§ WHAT YOU NEED TO DO:
Give back the lines below verbatim, omitting all pictures.
───── SOURCE MATERIAL ─────
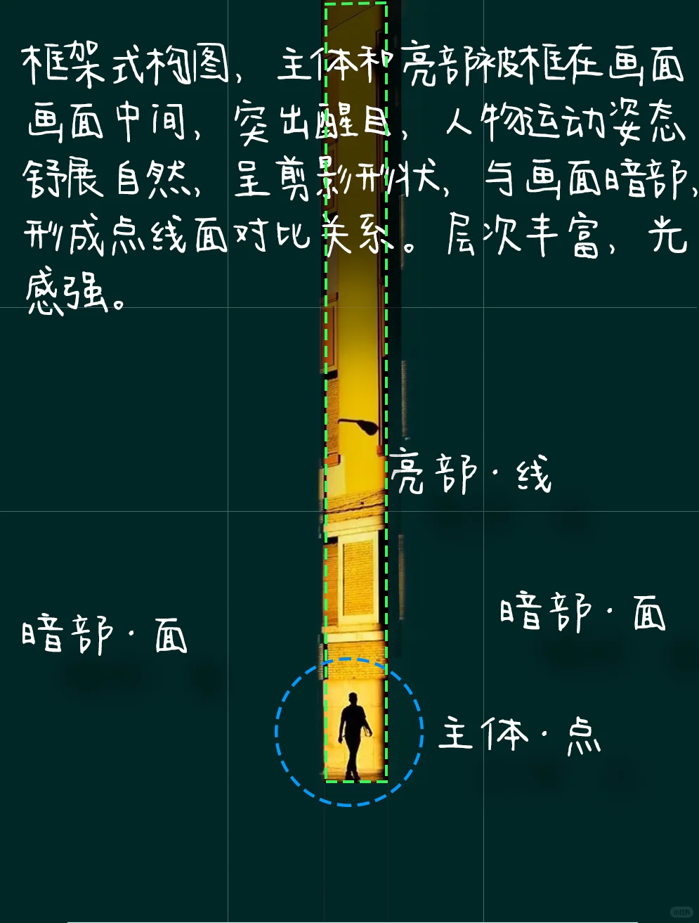 [一R].框架式构图,主体和亮部被框在画面画面中间,突出醒目,人物运动姿态舒展自然,呈剪影形状,与画面暗部,形成点线面对比关系。层次丰富,光感强。
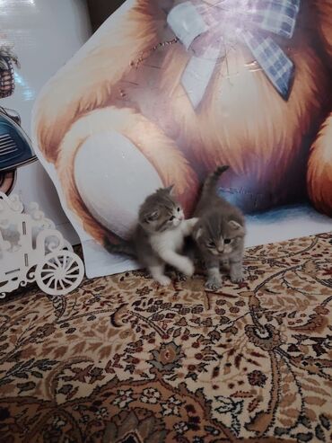 Boz rəngli, yumşaq tüklü şirin pişik balaları 1 ana 3 bala pişikdir tək təkdə satılır 4 ü birlikdə endirim olacaq - Cinsə bənzər xüsusiyyətlər: qısa və qalın tük, iri dairəvi gözlər, enli baş, yu...
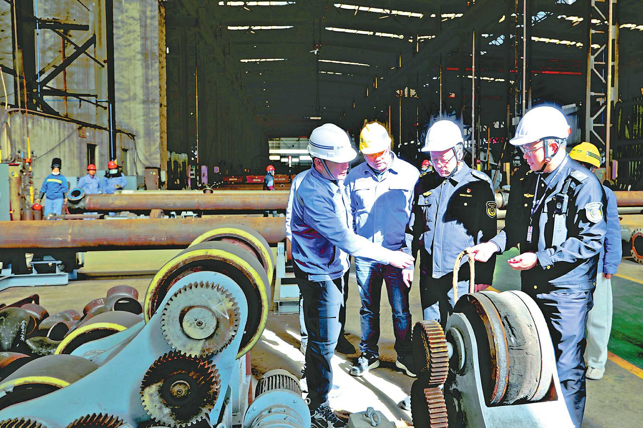 近日,江苏省张家港保税区市场监管局对特种设备生产和使用企业开展“双随机、一公开”检查。图为执法人员在苏州圣汇装备有限公司检查起重机吊具安全情况,确保企业安全生产。 □周 辉/摄
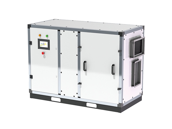 在再生過程中,再生空氣經(jīng)過加熱后(120℃左右),進(jìn)入轉(zhuǎn)輪再生區(qū)扇面,在高溫狀態(tài)下,轉(zhuǎn)輪中的水分子被脫附,散失到再生 空氣中。再生空氣由于在脫附過程中損失了熱量,自身溫度降低,變成了含濕量很大的濕空氣 ,由再生風(fēng)機(jī)排至室外。除濕和再生同時(shí)進(jìn)行,待處理空氣不斷除濕,轉(zhuǎn)輪不斷再生,對(duì)空氣進(jìn)行連續(xù)除濕。
─────
§ SOLUTION TO THE PROBLEM:
 [一R].框架式构图,主体和亮部被框在画面画面中间,突出醒目,人物运动姿态舒展自然,呈剪影形状,与画面暗部,形成点线面对比关系。层次丰富,光感强。
 Boz rəngli, yumşaq tüklü şirin pişik balaları 1 ana 3 bala pişikdir tək təkdə satılır 4 ü birlikdə endirim olacaq - Cinsə bənzər xüsusiyyətlər: qısa və qalın tük, iri dairəvi gözlər, enli baş, yu...
 近日,江苏省张家港保税区市场监管局对特种设备生产和使用企业开展“双随机、一公开”检查。图为执法人员在苏州圣汇装备有限公司检查起重机吊具安全情况,确保企业安全生产。 □周 辉/摄
 在再生過程中,再生空氣經(jīng)過加熱后(120℃左右),進(jìn)入轉(zhuǎn)輪再生區(qū)扇面,在高溫狀態(tài)下,轉(zhuǎn)輪中的水分子被脫附,散失到再生 空氣中。再生空氣由于在脫附過程中損失了熱量,自身溫度降低,變成了含濕量很大的濕空氣 ,由再生風(fēng)機(jī)排至室外。除濕和再生同時(shí)進(jìn)行,待處理空氣不斷除濕,轉(zhuǎn)輪不斷再生,對(duì)空氣進(jìn)行連續(xù)除濕。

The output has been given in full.